REVIEW: GOOD TIME is the latest film from The Safdie Brothers, whose last outing, HEAVEN KNOWS WHAT, earned raves and made them a cult item. With their next feature apparently being backed by Martin Scorsese and starring Jonah Hill, GOOD TIME, which hits a middle ground between a gonzo indie vibe and something more mainstream, is a movie that deserves to be on every film fan’s radar. These guys are the real deal.
Proudly displaying their Scorsese influence (who’s thanked in the closing credits), GOOD TIME is a bit like MEAN STREETS if it had focused solely on Robert De Niro’s Johnny Boy. Shockingly, star Robert Pattinson makes for an ideal De Niro stand-in, with his Connie Nikas a staggering change-of-pace for the actor. If enough people see this, it’ll officially end his TWILIGHT heartthrob days and mark him as an actor to watch, similar to what former co-star Kristen Stewart’s latest films have done for her.
Connie is a tough part, with him basically an unlikable scuzz-bag throughout. Not particularly bright, he’s a low-level wannabe bank robber, who makes the grievous sin of making his handicapped brother, Nick (played by one of the directors, Ben Safdie) his accomplice. He’s redeemed only by the fact that he genuinely loves his brother, and even though he’s a wanted man, with his face all over the evening news, he tries to raise the 10K he needs for an unscrupulous bail bondsman to get his brother out of lock-up.
Over a razor-sharp ninety minutes, we accompany Connie on his hellish decent into NYC, doing what he can to raise the cash, which includes seducing his older, flaky sugar momma girlfriend (a hilarious Jennifer Jason Leigh), and manipulating a sixteen-year-old (newcomer Taliah Webster) into having a crush on him so she doesn’t reveal his identity to the cops. With a heady mix of comedy and drama, mixed in with a genuinely seedy atmosphere (I never knew directors could still make gentrified NYC seem gritty), GOOD TIME is more like a great time throughout.

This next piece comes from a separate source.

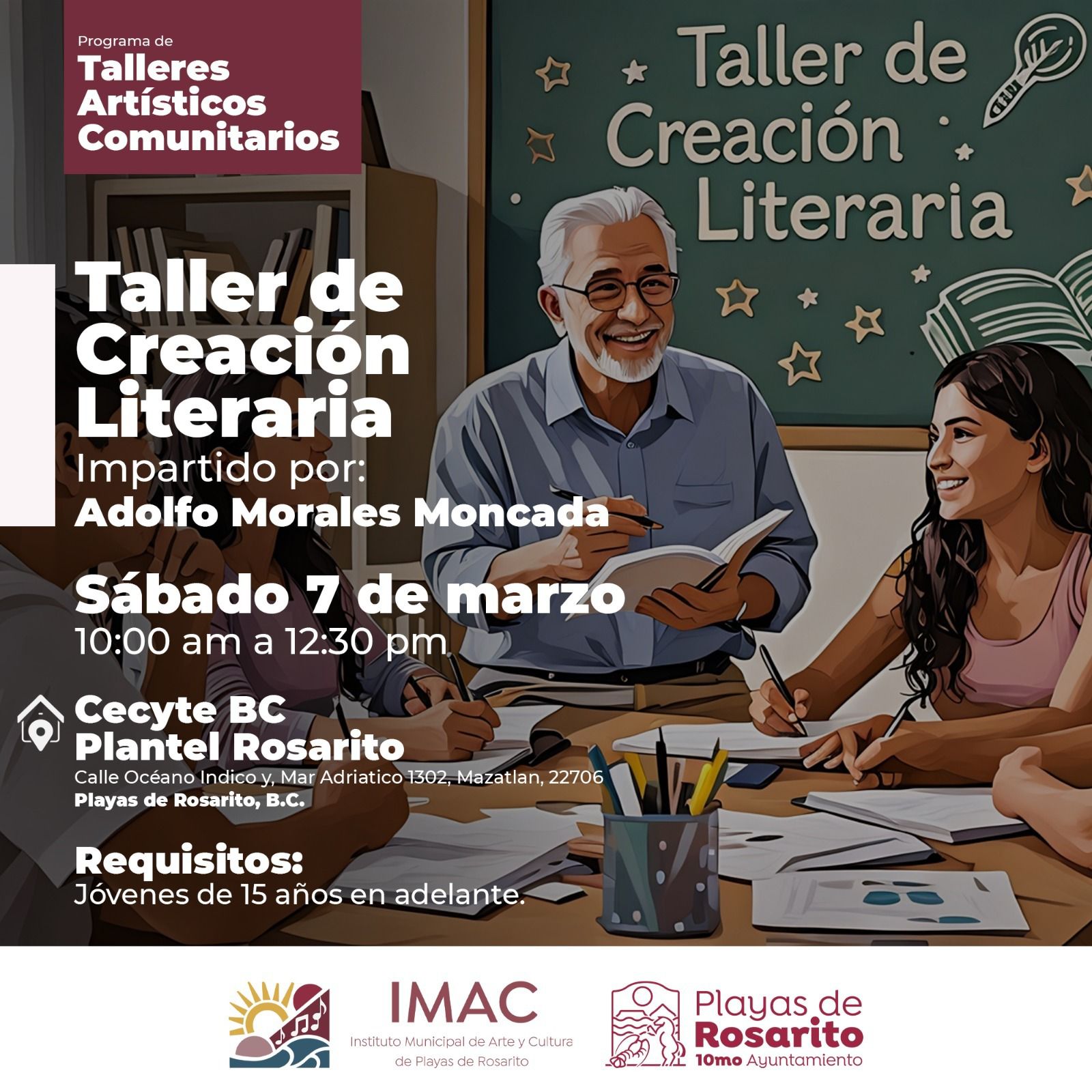 De igual forma, a partir del sábado 7 de marzo se llevará a cabo el Taller de Creación Literaria, impartido por Adolfo Morales Moncada en el Cecyte BC Plantel Rosarito. Dirigido a personas mayores de 15 años, tendrá una duración de cuatro meses con sesiones semanales, como parte del Programa de Talleres Artísticos Comunitarios, con el propósito de impulsar la expresión creativa y la formación con constancia académica.

Pattinson is a stunningly good lead, managing to hold onto at least a shred of the audience’s sympathy throughout; even through we’re not quite rooting for him to pull off his plan. Safdie himself has a challenging part as the severely handicapped brother, who’s plucked from his social worker’s office in the very first scene by his wired brother. The supporting cast is similarly strong, with Webster and Leigh stealing scenes, and an amusing turn by Safdie-regular Buddy Duress as an even seedier criminal Connie teams up with in an effort to get some high-grade acid to sell. CAPTAIN PHILLIPS’ Barkhad Abdi also pops up as a sympathetic security guard who falls prey to their antics, and between this and EYE IN THE SKY, he’s showing some pretty good range.

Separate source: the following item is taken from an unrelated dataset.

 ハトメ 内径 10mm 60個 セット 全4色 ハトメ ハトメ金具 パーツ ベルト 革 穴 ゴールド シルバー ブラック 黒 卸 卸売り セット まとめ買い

One thing definitely worth singling out is the amazing synth score by Oneohtrix Point Never, which appropriately sounds like Tangerine Dream on acid, and is the perfect accompaniment to DP Sean Price Williams’s neon soaked visuals. GOOD TIME is another A24 pick-up, proving that the company’s eclectic tastes are second-to-none, and it’s a really impressive piece of summer counterprogramming that deserves to be a SPRING BREAKERS-style breakout cult hit. It’s absolutely top-notch entertainment for those with more unconventional tastes, and a hallucinogenic late summer treat. This is one that’s not to be missed.